In the past decade, the country has witnessed the
failing of six insurance companies in quick succession, which IRA
commissioner-general Sammy Makove admits could be blamed on lack of
these skills, in addition to poor corporate governance.
So the authority, cognisant of the increasing risk
portfolio in the sector and riding on the campaign for positive
perception among consumers of insurance matters, cannot afford to have
another collapsing insurer as a result of imprudent underwritings
policies.
According to Mr Makove, the directive was pegged
on global best practises that would keep the country at par with its
peers and check an insurer’s shortcomings, which would otherwise go
unnoticed.
“Our aim is to build a better, stronger, and more
stable insurance sector that will give more confidence to the consumer
and empower regulated entities to deliver more relevant, affordable, and
creative services to their customers,” said the IRA’s chief executive.

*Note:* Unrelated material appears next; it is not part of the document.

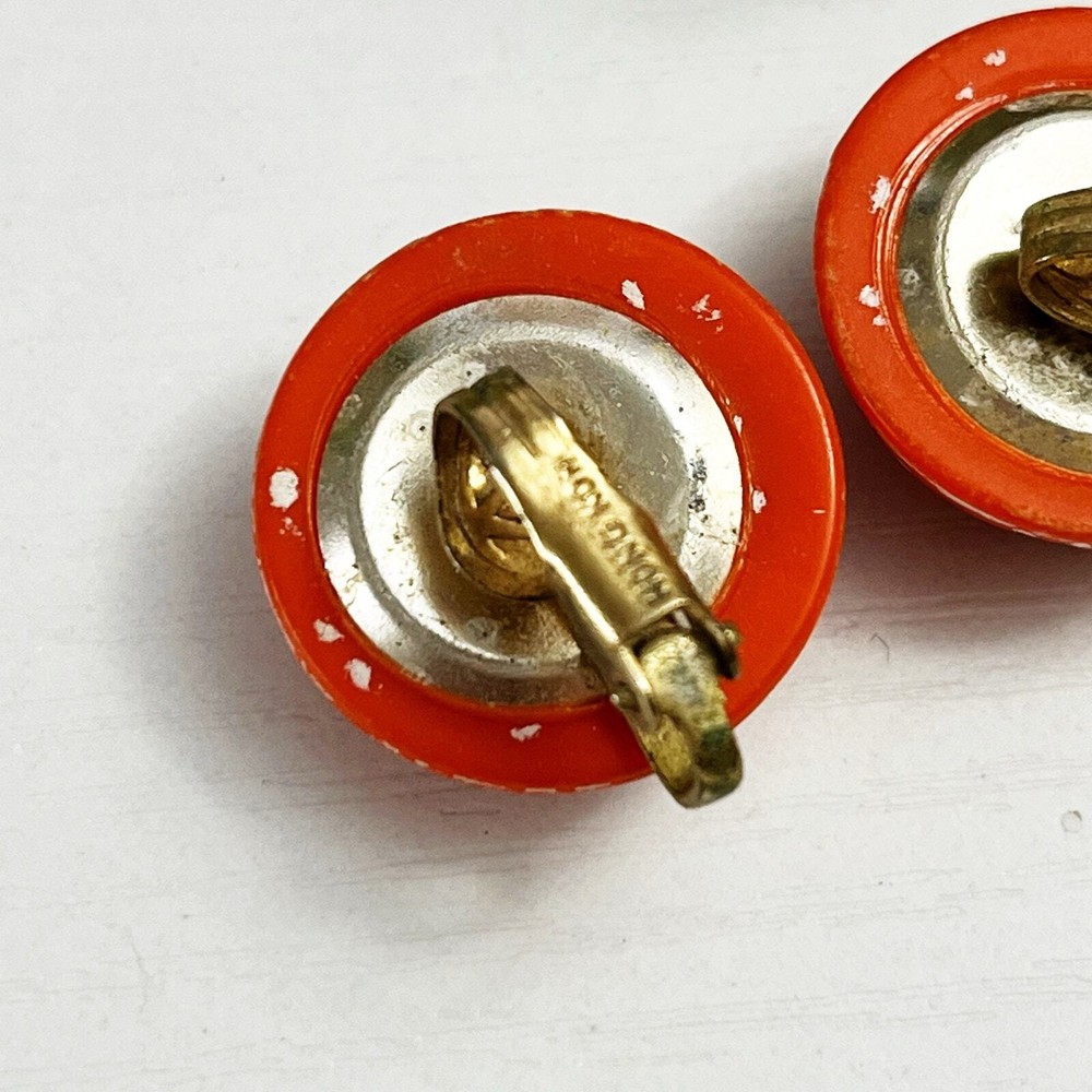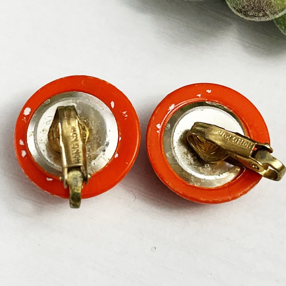 <![CDATA[<div>Vintage Etched Orange & White Floral Button Clip Earrings Hong Kong Mid Century. Marked HONG KONG on the back of the clips. 3/4" wide. Excellent vintage pre-owned condition. Ships same or next day. All photos are of the actual item for sale. Jewelry and clothing added daily!

Actuaries are trained to come up with risk
assessment. And because insurance companies deal with uncertainties,
they are well placed to have these professionals help them prevent major
losses in future.
They offer adequate evaluation on, among other
requirements, the correct pricing of a policy and its relevance to the
market. Wrong pricing can lead to higher compensations and low premium
returns, leading to fatal losses.
But with the importance of these skills in
insurance management, few insurance companies can afford to keep a
stocked unit of actuaries in their premises because of the high
remuneration of these professionals.
Underwriters would outsource these services from
actuarial firms, say, Alexander Forbes, Ernst and Young, AON, and
Actuarial Services (EA) Ltd, to cut down on hiring charges.